NGA has been developing what it calls the “Map of the World,” an integrated collection of data, including geospatial data, from sources throughout the intelligence community.
In May 2013, the intelligence agency said it intended to award three contracts for “regional geospatial intelligence content management” to cover the globe, the GAO said in an Oct. 16 announcement of its ruling on the protest. Boeing and Harris of Melbourne, Florida, bid on one region covered by U.S. Africa Command and U.S. Southern Command.
Boeing’s approach used significantly more hours than Harris’, producing a solution later described by the NGA as “inefficient,” the GAO said.

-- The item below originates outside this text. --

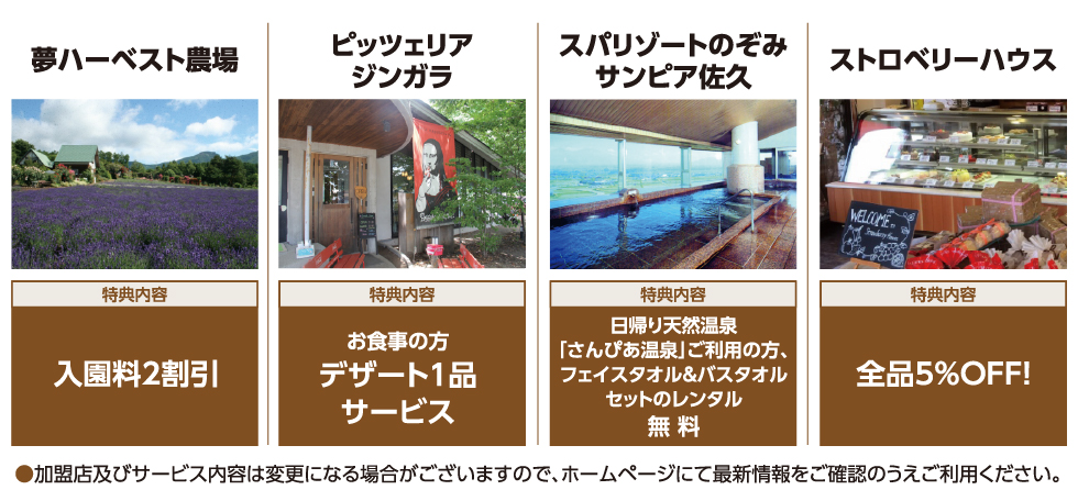 ※加盟店及びサービス内容は変更になる場合がございますので、ホームページにて最新情報をご確認のうえご利用ください。

Boeing claimed the NGA did not hold adequate discussions on the project because it failed to tell the company of the fatal weakness in its proposal.
“The simple fact that Boeing and Harris proposed different technical approaches that involved varying levels of effort for particular tasks does not establish a disparate understanding of the solicitation’s requirements or an unequal competition,” the decision from Susan Poling, the GAO’s general counsel, said. “Rather, this fact appears to indicate simply that the offerors proposed different or innovative technical approaches, as envisioned by the solicitation. Therefore, we find this basis of protest to be without merit.”
Harris said Oct. 24 that it won an NGA contract, potentially worth as much as $770 million over five years, to provide geospatial data services. Sleighton Meyer, a Harris spokesman, confirmed that it was the same contract that Boeing had protested.